● TASK DETAILS: Wherever a picture appears, skip it and retype the rest of the data exactly.

**** RECORDED DATA

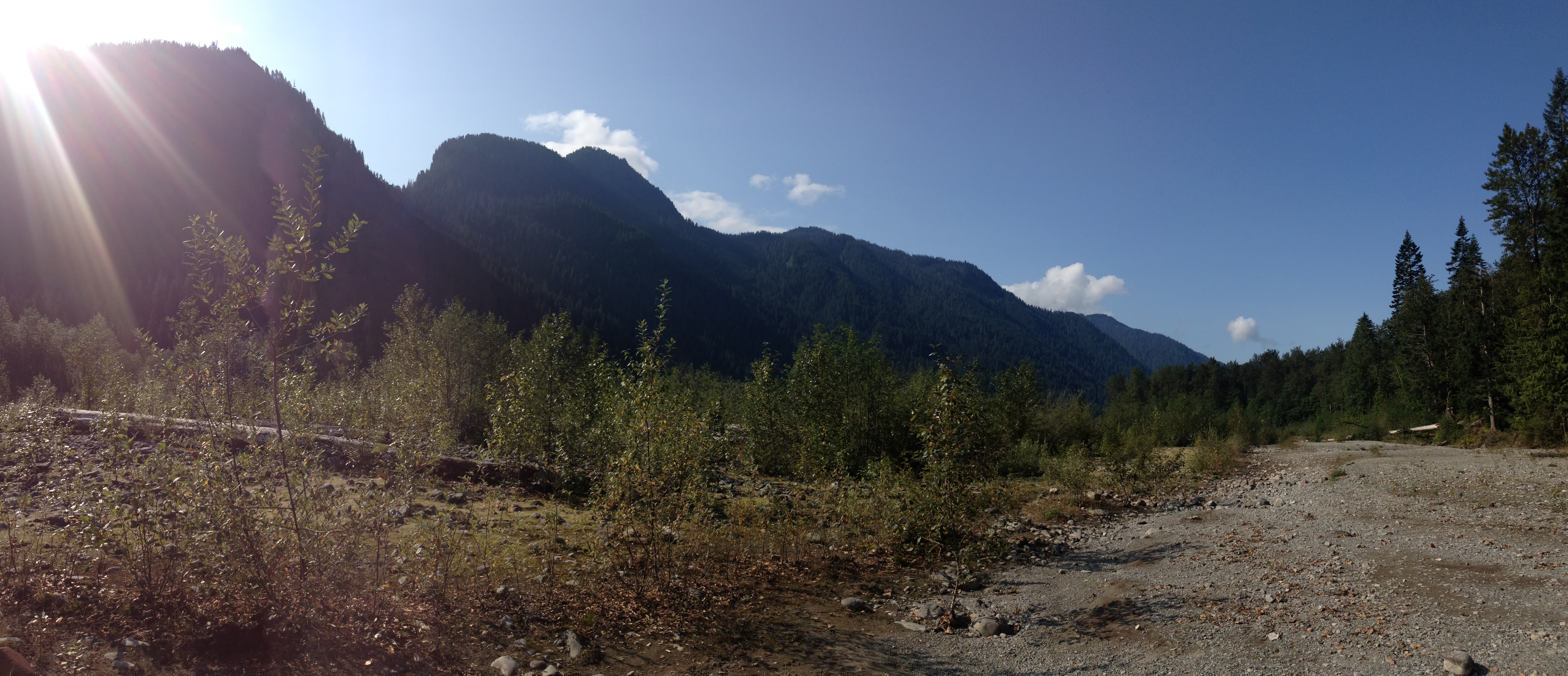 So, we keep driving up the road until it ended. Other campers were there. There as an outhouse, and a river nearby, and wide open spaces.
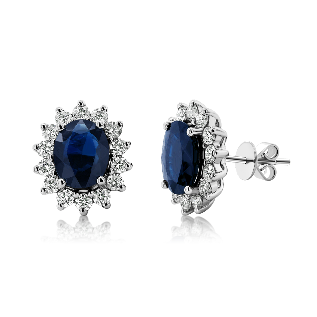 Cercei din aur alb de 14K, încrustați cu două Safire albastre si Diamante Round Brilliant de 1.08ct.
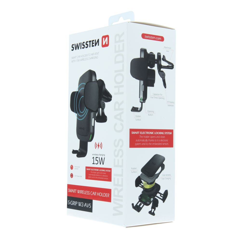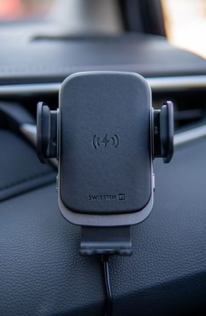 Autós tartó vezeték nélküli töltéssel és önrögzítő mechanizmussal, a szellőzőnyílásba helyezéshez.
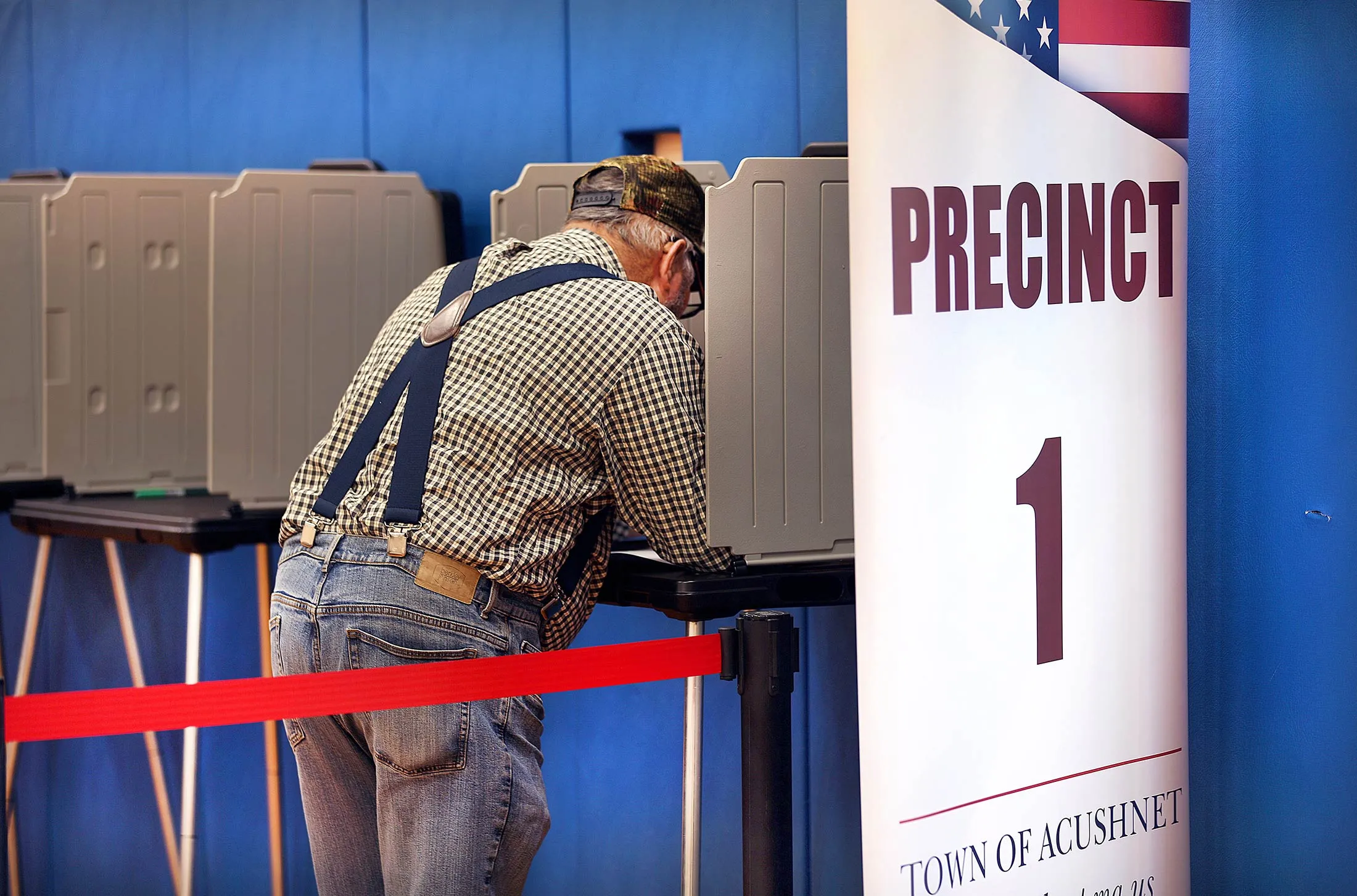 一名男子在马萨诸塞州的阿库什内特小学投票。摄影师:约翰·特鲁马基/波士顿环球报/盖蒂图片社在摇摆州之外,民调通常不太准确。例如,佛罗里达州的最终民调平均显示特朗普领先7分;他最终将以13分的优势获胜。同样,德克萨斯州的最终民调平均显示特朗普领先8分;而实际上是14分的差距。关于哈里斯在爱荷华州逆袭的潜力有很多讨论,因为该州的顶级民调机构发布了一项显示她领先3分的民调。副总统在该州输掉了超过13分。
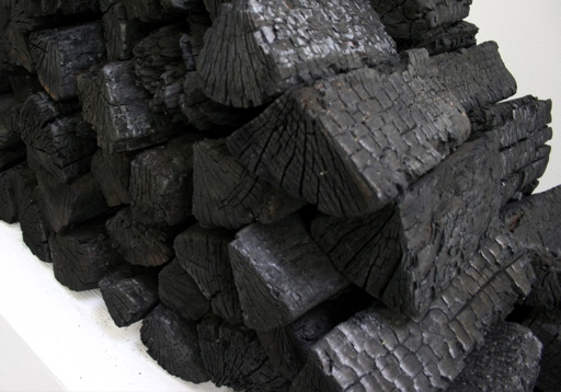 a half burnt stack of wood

********

● RESPONSE TO THE TASK:
 So, we keep driving up the road until it ended. Other campers were there. There as an outhouse, and a river nearby, and wide open spaces.
 Cercei din aur alb de 14K, încrustați cu două Safire albastre si Diamante Round Brilliant de 1.08ct.
 Autós tartó vezeték nélküli töltéssel és önrögzítő mechanizmussal, a szellőzőnyílásba helyezéshez.
 一名男子在马萨诸塞州的阿库什内特小学投票。摄影师:约翰·特鲁马基/波士顿环球报/盖蒂图片社在摇摆州之外,民调通常不太准确。例如,佛罗里达州的最终民调平均显示特朗普领先7分;他最终将以13分的优势获胜。同样,德克萨斯州的最终民调平均显示特朗普领先8分;而实际上是14分的差距。关于哈里斯在爱荷华州逆袭的潜力有很多讨论,因为该州的顶级民调机构发布了一项显示她领先3分的民调。副总统在该州输掉了超过13分。
 a half burnt stack of wood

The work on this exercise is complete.